Re: Restoring from PostgreSQL 9.5 dump to 10 is super slow

Pavan Teja <pavan.postgresdba@xxxxxxxxx> · Mon, 6 May 2019 16:58:36 +0530

Hi Siddharth,
The slowness also depends on the data with its type(data type).

Typically it depends based on the amount of ram distributed between other processes and that of pg_restore.

Regards, 
Pavan 

On Mon, 6 May, 2019, 4:54 PM Siddharth Karandikar, <siddharth.karandikar@xxxxxxxxx> wrote:
Hello All,

This is my first and little longer email on this list. I wanted to

share all the information that I have gathered so far and it got

longer.

I am trying to restore database dump created on PostgreSQL 9.5.16 to

PostgreSQL 10.7 and it is taking a lot of time to restore. Restoring

the same dump to 9.5 doesn't take that much. So I am wondering what

could be reason behind this slowness.

Some numbers to show how slow it is:

Small tables (<500MB):

  - 9.5 to 9.5 took 1m4.110s

  - 9.5 to 10 took 1m4.575s

Medium tables (500MB to 5GB):

  - 9.5 to 9.5 took 6m53.132s

  - 9.5 to 10 took 6m0.998s

Large tables (5GB+):

  - 9.5 to 9.5 took 131m35.106s

  - 9.5 to 10 took 831m25.539s

Underlying hardware and OS used in both cases are exactly the same.
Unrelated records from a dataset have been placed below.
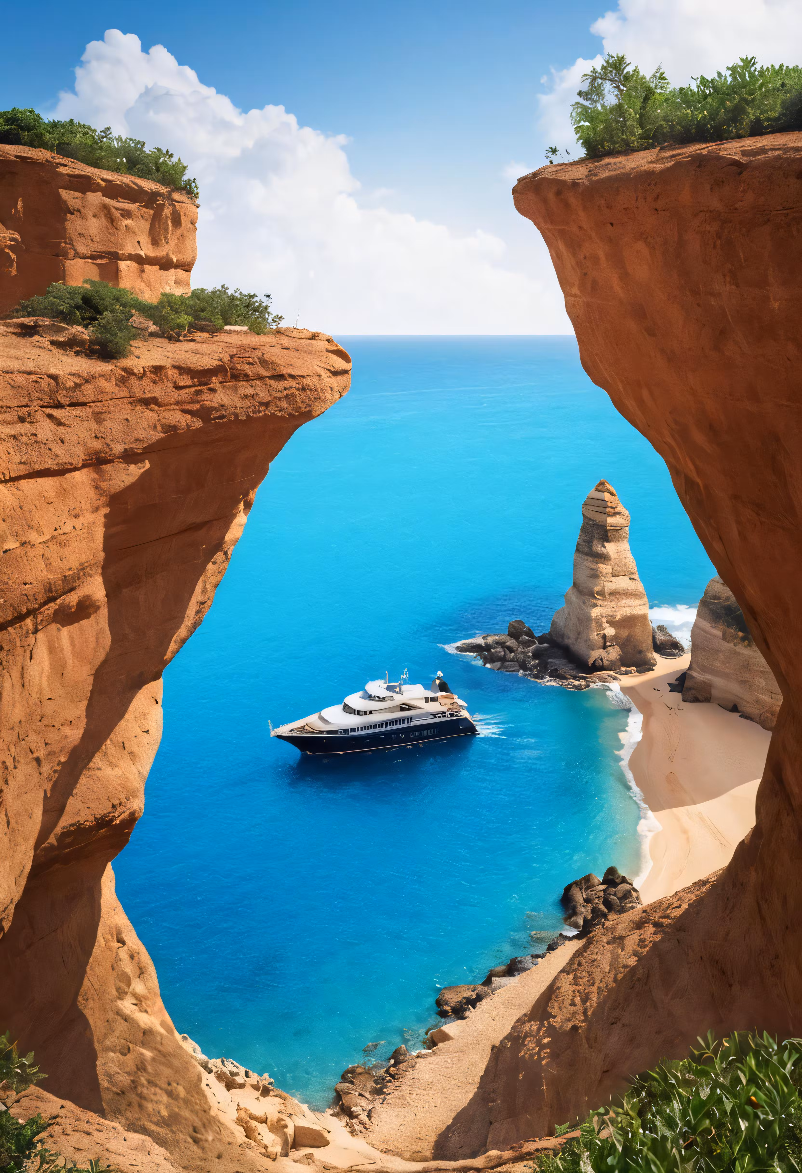 High resolution picture, free to use, a small boat is anchored in the blue ocean
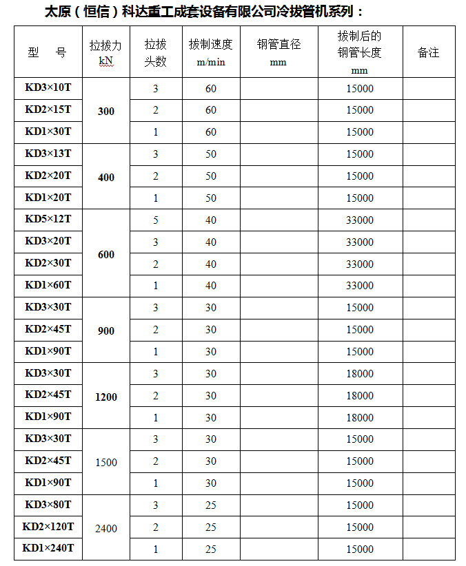 冷拔機(jī)設(shè)備能力概述(按噸位選型時(shí)上下限不同)
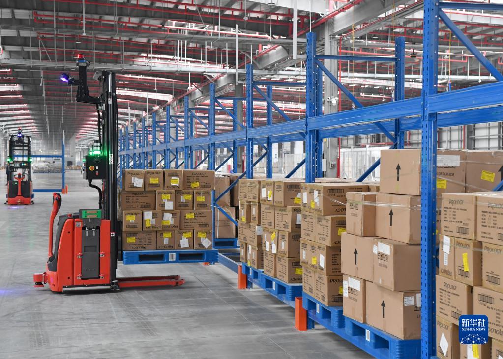 8月16日,在鄭州機場北貨運區倉庫,自動化導引叉車在作業中。
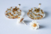 花かんむりという白いお花と、春のお花ミモザでドット柄をあしらったピアスです。
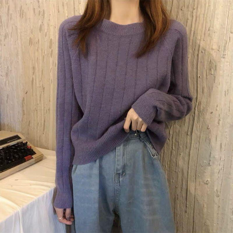 Вязаные свитера в стиле колледжа, свободные пуловеры для женщин и полосатые свитера с круглым вырезом, модные для осени и зимы one size

  Thinking that there could be data format difference between Postgres

9.5 and 10 and that could be the reason to this slowness, I tried

dumping from Postgres 10 and restoring it on Postgres 10, but that is

also super slow.

Here are some numbers of that:

Small tables (<500MB):

  - 10 to 10 took 0m51.248s

Medium tables (500MB to 5GB):

  - 10 to 10 took 5m40.224s

Large tables (5GB+):

  - 10 to 10 took 832m36.850s

Restore commands

The commands I am using to restore:

  pg_restore -v -F d -n public -U <user> -d <database> -h localhost -j

4 --disable-triggers -e -L <file with table names>

/var/lib/pgsql/20190425/pg_dump_data

The hardware I am running on:

CPU: Intel(R) Xeon(R) CPU E5-2686 v4 @ 2.30GHz (2 cores)

Memory: 16GB

HDD: nvme 300GB

FS: ext4

Postgres configuration that I have on this setup:

    shared_buffers = 128MB

    work_mem             = 1MB

    maintenance_work_mem = 16MB

    dynamic_shared_memory_type = posix

    huge_pages     = try

    vacuum_cost_page_hit   = 1

    vacuum_cost_page_miss  = 10

    vacuum_cost_page_dirty = 20

    bgwriter_lru_maxpages   = 100

    full_page_writes = on

    seq_page_cost        = 1.0

    random_page_cost     = 4.0

    wal_level = minimal

    wal_sync_method = fsync

    wal_log_hints    = off

    wal_buffers      = -1

    wal_writer_delay = 200ms

    min_wal_size                 = 1GB

    max_wal_size                 = 80GB

    max_wal_senders    = 0

    wal_keep_segments  = 0

    wal_sender_timeout = 60s

    wal_receiver_status_interval = 10s

    wal_receiver_timeout = 60s

    autovacuum = on

    log_autovacuum_min_duration = -1

    autovacuum_max_workers = 3

    autovacuum_naptime = 1min

    autovacuum_vacuum_threshold = 50

    autovacuum_analyze_threshold = 50

    autovacuum_vacuum_scale_factor = 0.2

    autovacuum_analyze_scale_factor = 0.1

    autovacuum_freeze_max_age = 200000000

    autovacuum_multixact_freeze_max_age = 400000000

    autovacuum_vacuum_cost_delay = 20ms

    autovacuum_vacuum_cost_limit = -1

Some more things observed:

* Running strace on Postgres process showed continuous stream of

lseek/read/write calls and it also showed bunch of futex wait and

resume calls. These futex calls are not easily seen on Postgres 9.5

* Looking at pg_stat_activity table showed WALWriteLock under

wait_event column. It used to change but could see this coming up very

frequently.

Thanks,

Siddharth Karandikar

PS: I had posted this on stackoverflow, but didn't get lot of

attention there. So posting it here. Don't know if thats considered

cross-posting. But if thats the case, I would keep that in mind and

avoid it in future.